Hyundai Thinks We Could Live In Hexagonal-Shaped Cities In The Future
Earlier this year, Hyundai Motor Group (HMG) invested $400 million to make robots smarter. It bought Boston Dynamics in 2020, and since then, the company has been offering its vision for what the future could look like, ranging from robots to entire city concepts.
The automaker announced today a virtual exhibition that puts its grand ideas into focus. The exhibit shows off the greenfield smart city HMG that debuted during the World Cities Summit this summer. The company collaborated with HyunJoon Yoo Architects on the project, creating a hexagonal-shaped city that puts humans at the center of its design. This is a stepping stone for Hyundai as it begins to learn and understand how cities operate to provide solutions that benefit citizens.
Gallery: Hyundai Smart City Virtual Exhibition
The city’s design puts green spaces at the center, with the buildings encircling parks, forests, water reservoirs, and more. While Hyundai has a heavy hand in the automotive space, its city’s road infrastructure lies out of view underground, where autonomous vehicles transport goods and services to regional hubs. Robots will make the final delivery in Hyundai’s future, which is all about clean energy and sustainability. The virtual city gets its power from hydrogen fuel cell generators that distribute electricity through a smart grid. You can experience the exhibit here.
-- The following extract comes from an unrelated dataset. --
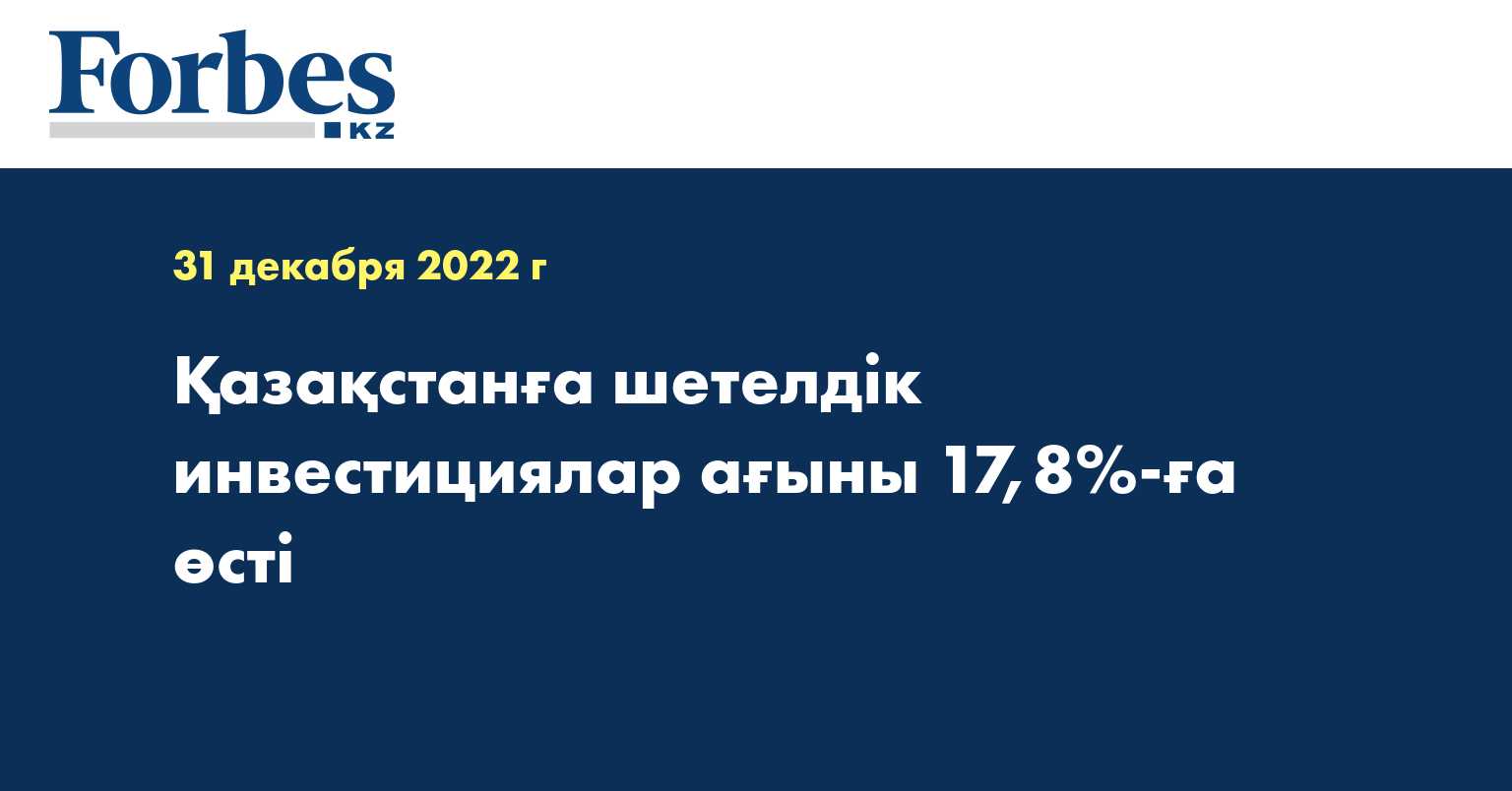 2022 жылдың 9 айының қорытындысы бойынша Қазақстанға тікелей шетелдік инвестициялардың (ТШИ) жалпы ағыны 17,8%-ға өсті және 22,1 млрд АҚШ долларын құрады (2021 жылдың 9 айы бойынша $18,7 млрд). Үш тоқсанның көрсеткішін бүкіл 2021 жылы тартылған инвестициялар көлемімен салыстыруға болады ($23,8 млрд).

Designing a city seems like an ambitious feat for Hyundai, but the company has been thinking about mobility solutions for a while. In January, the automaker showed off its Plug & Drive robot platforms that can attach to small objects and make them mobile using LiDAR and electric drive, like goods in a warehouse. The platform is powerful enough to move people, with a joystick providing control.
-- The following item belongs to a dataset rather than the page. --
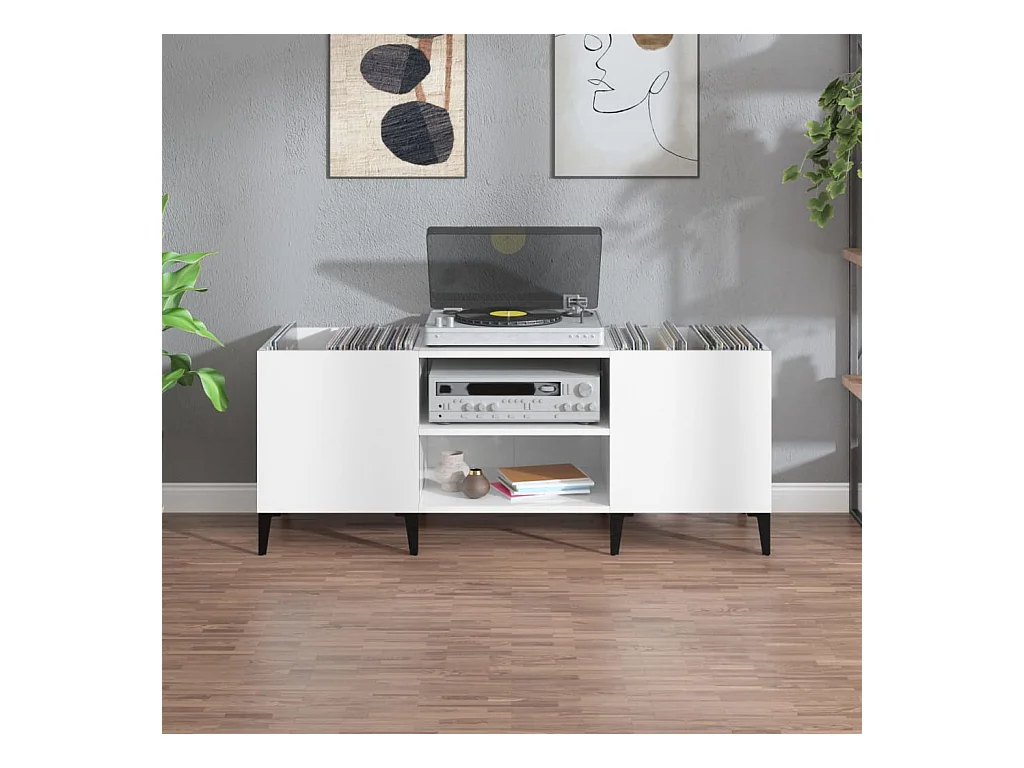Armoire à disques blanc brillant 121x38x48 cm bois d'ingénierie

“Cities are complex organisms, and it is difficult to plan for a single perfect city, but such thought exercises will help lead us in the right direction,” said Youngcho Chi, HMG’s president and chief innovation officer.
Hyundai’s grand vision for what future cities will look like is fanciful. However, robots and autonomy could change how we get and move things, even though genuinely autonomous vehicles are still years or decades away from becoming reality.